Description

The choice to perform robotic assisted vs manual total knee arthroplasties (TKA) depends on many factors, including but not limited to surgeon training, resource availability, and patient-specific considerations. Recent studies comparing patient outcomes after robotic-assisted and manual total knee arthroplasties have shown mixed results. These studies often focus on future complication rates, radiographic outcomes, or patient reported outcomes between manual and robotic-assisted TKA. Hence, there has been little focus on improvements in functional outcomes after TKA. Combining functional test results, patient reported outcomes, kinematic studies, and data from wearable devices will allow for a comprehensive timeline of recovery speed after either robotic-assisted or manual TKA.

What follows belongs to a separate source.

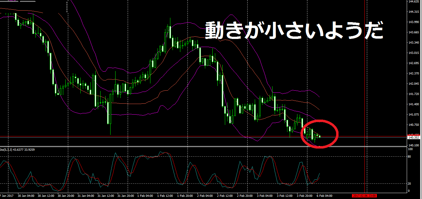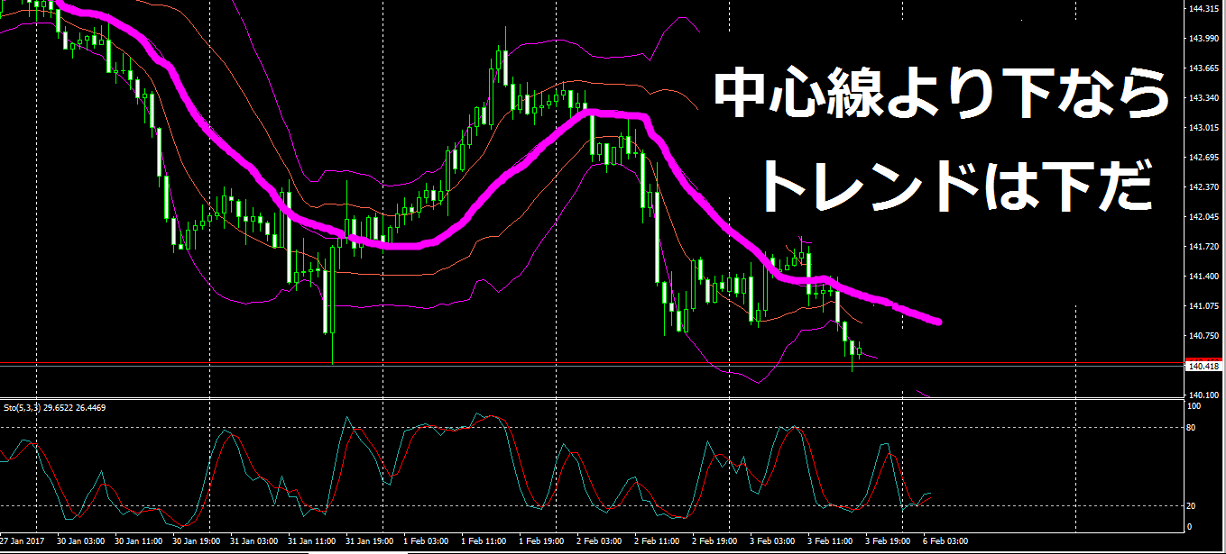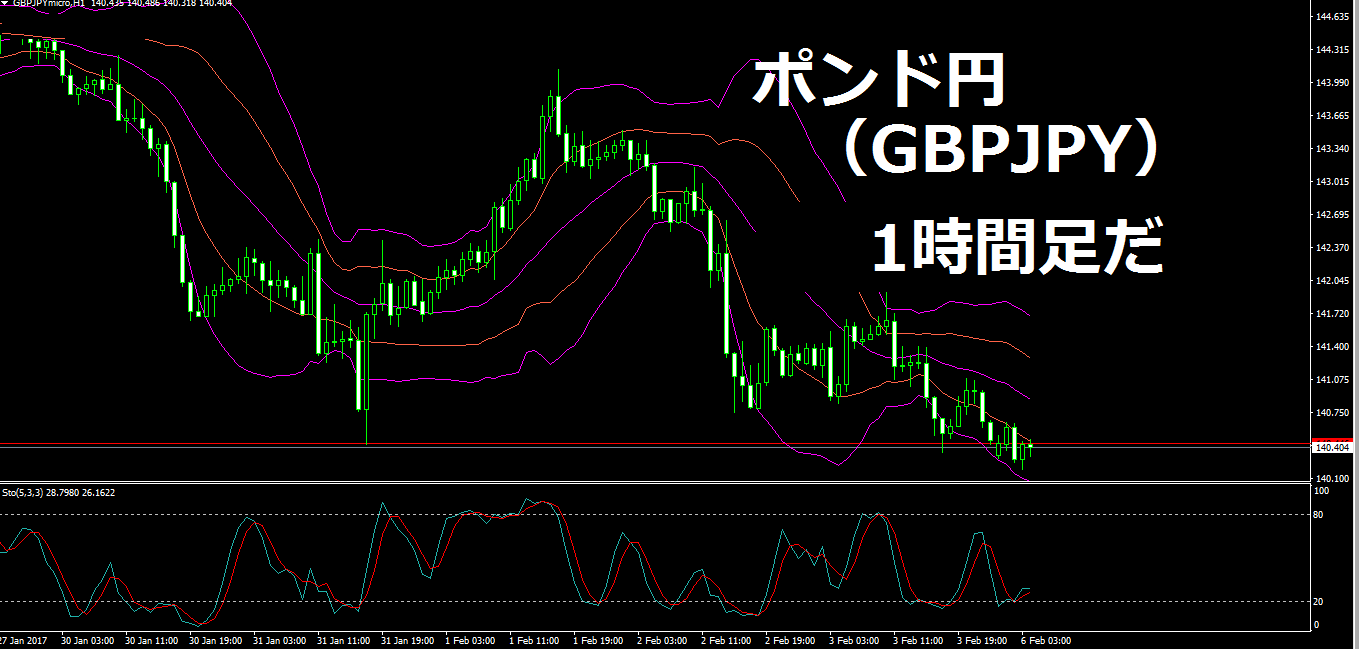 MT4には、ボリンジャーバンドと「ストキャスティクス」を表示している。

The overall aim of this proposed study is to quantify functional and PROM at specific timepoints in patients after robotic-assisted or manual total knee arthroplasty (TKA).

The questions are:

1. Do robotic-assisted revision TKAs have improved functional and perceived recovery when compared to manual revision TKAs?
2. Do robotic-assisted primary TKAs have improved functional and perceived recovery when compared to manual primary TKAs?
3. Do robotic-assisted revision TKAs have similar functional and perceived recovery as robotic-assisted primary TKAs?

For questions 1 and 2, we hypothesize that robotic-assisted revision or primary TKAs will have improved recovery when compared to manual TKAs.

For question 3, we hypothesize that robotic-assisted revision TKA will have similar recovery to primary robotic-assisted TKA.

Patients who are candidates for revision or primary TKA will be recruited within the Department of Orthopaedic Surgery. All subjects will participate in 6 evaluation sessions: anytime pre-operatively (baseline) and 2 weeks, 6 weeks, 3 months, 6 months, and 1 year post surgery. Testing sessions will be approximately 1 hour long and will take place at the Physical Therapy Clinical and Translational Research Center (PT-CTRC).

At the time of enrollment, subjects will sign the informed consent in the presence of a study investigator. The research coordinator will collect data on demographics, medical history, and biomedical information. Note: Subjects who do not sign the consent form cannot participate in the study.

At each evaluation, patients will then be given time to complete the following patient reported outcome questionnaires: Forgotten Joint, Promis 29, Koos, SF 36. The physical therapist will then lead the patient through a series of functional measurement tests: Timed Up and Go (TUG), 4m and 10m walking speed test, sit/stand, Star Excursion Balance Test (SEBT), 2-minute walk, stair climb test (SCT), Single Leg Stance (SLS), and Y Balance Test (YBT). Videos may be taken to record progress.